# Composer Einojuhani Rautavaara dies aged 87



## Mika (Jul 24, 2009)

Einojuhani Rautavaara has died. He was maybe the greatest living Finnish composer. Who will take the lead next? Magnus Lindberg?


----------



## Xenakiboy (May 8, 2016)

Well that ruined my day 
One of my many favourite composers, who's music has meant so much to me. I'm not going to give a eulogy right now but it comes as a shock, considering I was listening to his Etudes earlier today in between working on a score and didn't know until now. Many of his works have had a large impact on me, but I'm thankful for the blessing he has given us.


----------



## Art Rock (Nov 28, 2009)

A sad loss. RIP.


----------



## GioCar (Oct 30, 2013)

Tonight I'll play his "Brucknerian" symphony No.3 in his memory.

RIP


----------



## Xenakiboy (May 8, 2016)

I'll be adding to this and composing something for him but here are my own words from a post on June 24th:



Xenakiboy said:


> Rautavaara is not only incredible but I don't have words for what I feel when I hear his works. His clusters evoke really strong, deep feelings in me. I can't say there are many other composer that evoke anything like what Rautavaara does (though there are other composer I have reactions of awe to  ), it is POWERFUL! :angel::cheers:


----------



## Chronochromie (May 17, 2014)

May he rest in peace.



Mika said:


> Who will take the lead next? Magnus Lindberg?


I'd say Kaija Saariaho.


----------



## Mika (Jul 24, 2009)

Chronochromie said:


> May he rest in peace.
> 
> I'd say Kaija Saariaho.


Agree. Kaija is strong candidate.


----------



## Pat Fairlea (Dec 9, 2015)

Sad news, though at 87 he had a good long run at life. I'll put Cantus Arcticus on later - still trying to identify all the birds he used.


----------



## starthrower (Dec 11, 2010)

RIP So many prolific Finnsh composers to listen to, and I haven't really gotten into Rautavaara, with the exception of his Requiem, and brass works CD which I really enjoyed.


----------



## SONNET CLV (May 31, 2014)

*Einojuhani Rautavaara* has certainly been a favorite of mine for the past several years; I've collected recordings of many of his works and they have received regular rotations in my CD player. I love the symphonies (especially 3 and 5) and the Concerto for Birds. It's all rather interesting, and much is uniquely powerful and soul stirring. I had believed I would learn to spell and pronounce the composer's name correctly before he died; I won't get that opportunity. But ... the music remains, and I shall indulge in some of it this day.


----------



## Dr Johnson (Jun 26, 2015)

That probably explains why R3 was playing Cantus Arcticus when I was driving home.

RIP.


----------



## Nereffid (Feb 6, 2013)

Although Rautavaara doesn't necessarily count among my _favourites_, I have quite a lot of his music in my collection, stretching from 1951 to 2010, all of it worth repeated listening. And the _Cantus Arcticus_ is a "classic" for me. He will be missed.


----------



## Nereffid (Feb 6, 2013)

I've just noticed that Q2 Music will be playing a 12-hour Rautavaara marathon today at 4 PM (New York time), to be repeated on Saturday at 10 AM.

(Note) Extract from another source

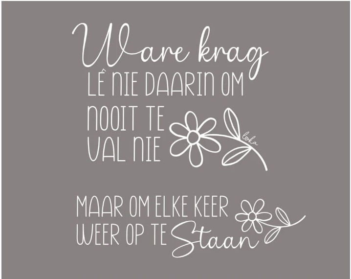 | Product Quotes | Elke dag is 'n nuwe begin – haal diep asemn en probeer weer, Loka Est 2016, My Story is Built on Grace my future lives in hope, Ware krag lê nie daarin om nooit te val nie maar om elke keer weer op te staan |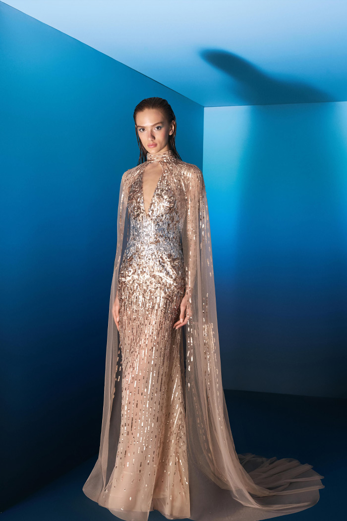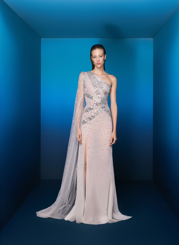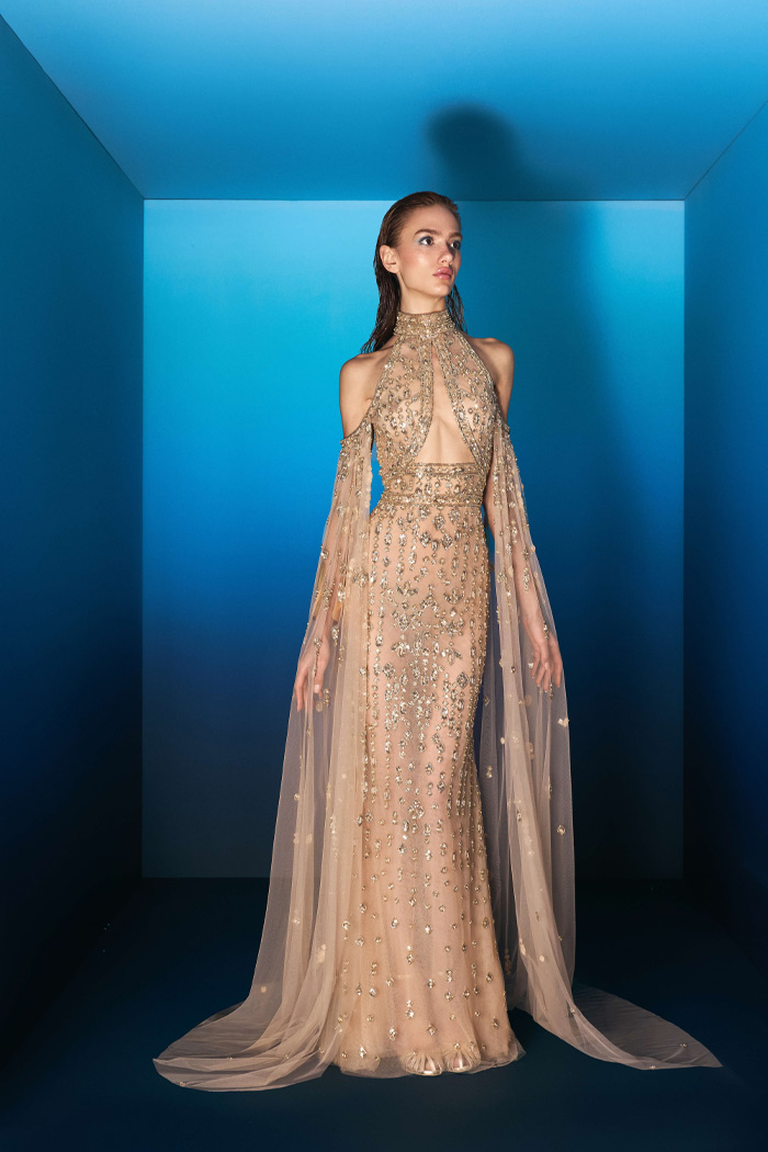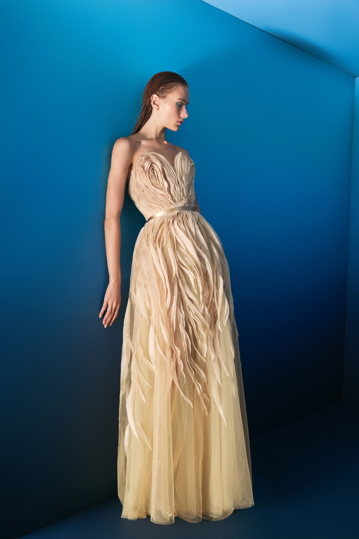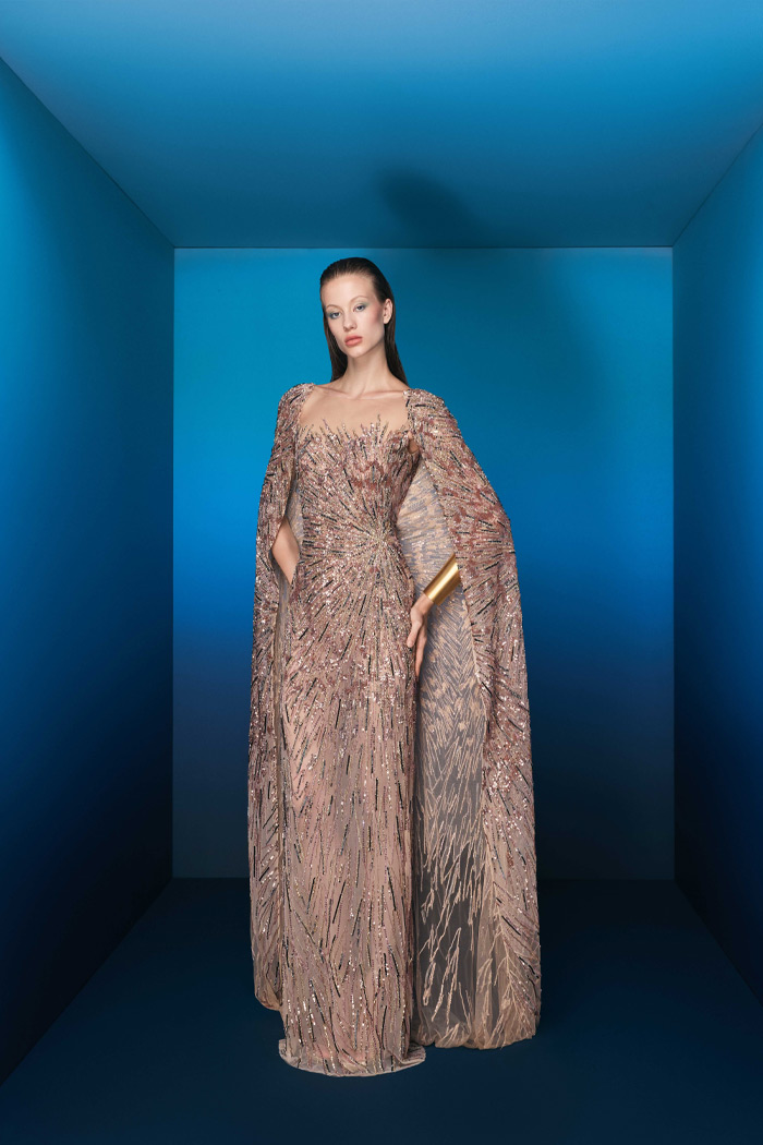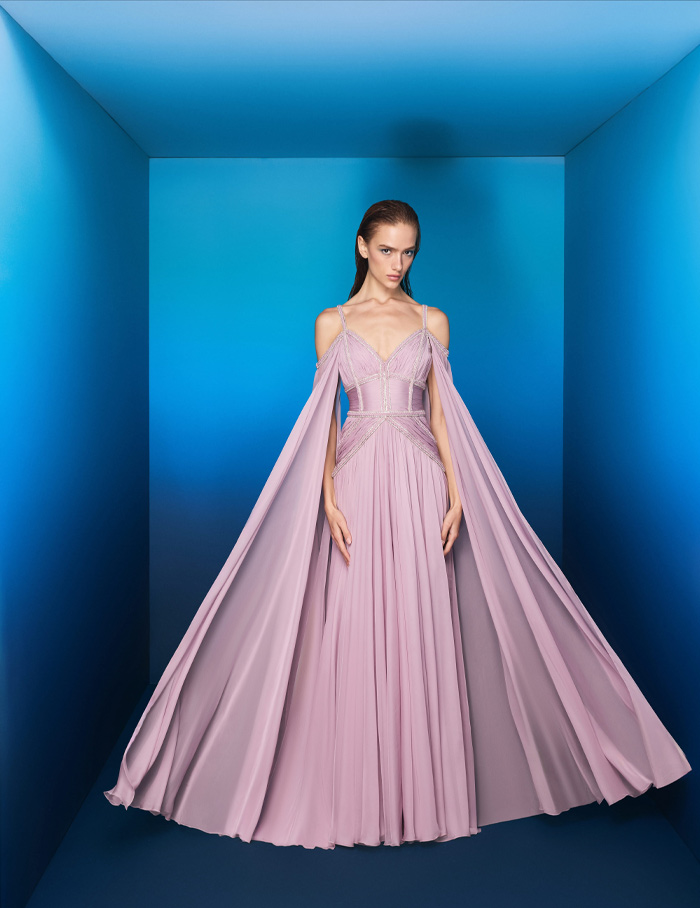 تطاريز متلألئة، دانتيل رقيق وتافتا متأرجحة بين الازرق الداكن والاخضر المائي والللافندر، مع سحر الوردي الكوارتز والباستيل السماوي، فضلا عن الاسود الأنيق والخيوط المطرزة مع الخرز والمتلألئة كالمرجان.

http://www.wqxr.org/#!/story/encore-presentation-einojuhani-rautavaara-12-hour-marathon/


----------



## mstar (Aug 14, 2013)

I just saw this online - I was right in the middle of downloading some of his works! I can't believe this. 

I'm genuinely sad.


----------



## Huilunsoittaja (Apr 6, 2010)

Rautavaara actually wrote some flute music which I've never ventured to study. I may listen to that today, to study if it would be worth performing.

RIP, Lepää rauhassa


----------



## Janspe (Nov 10, 2012)

Although I've never been a huge fan of Rautavaara's music, I recognize the enormous influence he's had on the music culture here in Finland, and I've nevertheless always been interested in hearing his music in concerts. It's indeed sad that he's not among us anymore, but luckily he left us with a huge body of work to explore. Lepää rauhassa!


----------



## Azol (Jan 25, 2015)

Just learned of his passing while browsing the new poll thread. No doubts for me - he was a great composer.
I will be listening to Angel of Light this evening.
A sad day.
RIP


----------



## manyene (Feb 7, 2015)

Xenakiboy said:


> Well that ruined my day


And mine too: I had seen the DVDs of his operas Rasputin and Aleksis Kivi the week before, both great works with the composer's very sensitively written librettos


----------



## Skilmarilion (Apr 6, 2013)

Just listened to the mesmerising Seventh.

That soaring violin in the slow movement was, on this occasion, the _Angel_ taking him to the _Light_.


----------